The Bay Run is a 7-kilometre-long pedestrian and cycling circuit around Iron Cove passing through the suburbs of Rozelle, Lilyfield, Haberfield, Five Dock, Rodd Point. Russell Lea and Drummoyne. in the Inner West of Sydney, New South Wales, Australia. The Bay Run provides excellent views of Iron Cove for its entire course as it constantly hugs the shoreline. The Bay Run is popular with joggers, walkers, roller skaters and cyclists who enjoy the pleasant waterside scenery while exercising. The Bay Run plays host to the annual Bay Run fun run, a community event that brings people together in the name of health, fun and exercise.

The Bay Run has separate facilities for cyclists and pedestrians, and those on foot are prohibited from encroaching on the dedicated cycleway.

Route

From the mouth of Iron Cove Creek at Timbrell Drive, Five Dock, The Bay Run follows the western shore of Iron Cove running parallel to Henley Marine Drive. Originally a narrow gravel footpath, upgrades over the last decade have seen most of the section along Henley Marine Drive reconstructed to provide a wider separated pathway accommodating both pedestrians and cyclists. Most recently, upgrade of the section between Thompson Street and Formosa Street was completed in 2014 as part of the Bay Run Stage 5 project. For a long time a missing link, this marks a significant milestone for the Bay Run in that pedestrians and cyclists now have a dedicated path separate to road traffic generally throughout the entire Bay Run loop.
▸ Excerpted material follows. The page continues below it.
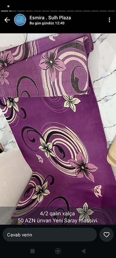 3×4m olcude. cox az iwlenib. Xalca yuma wirketimde yuyulub, selofandadir. 2 eded var. Her biri 120 azn. Oval forma. Unvan Yeni Yasamal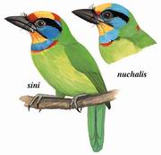 描述:体型略小(20厘米)的绿色拟啄木鸟。头部有蓝红黄黑四色。与其他拟啄木鸟区别在于体型略小,眉黑,颊蓝,喉黄,颈侧具红点。亚成鸟色彩较黯淡。

At Formosa Street, Drummoyne, The Bay Run leaves Henley Marine Drive and traverses the Iron Cove Bridge to the Rozelle side, where it turns right and follows the eastern shore of Iron Cove. Here it passes through King George Park and Callan Park in Lilyfield, where there is a short section of shared road.  After the Callan Park playing fields the path resumes and continues to Leichhardt Park, passing the Leichhardt Rowing Club. The Bay Run continues along Maliyawul Street to Lilyfield Road. It then uses the (now closed to motor traffic) road bridge over Hawthorne Canal and parallels the City West Link Road at Haberfield, passing the Haberfield Rowers Club. The Bay Run then continues along the foreshore of Iron Cove to the mouth of Iron Cove Creek where it completes its circuit.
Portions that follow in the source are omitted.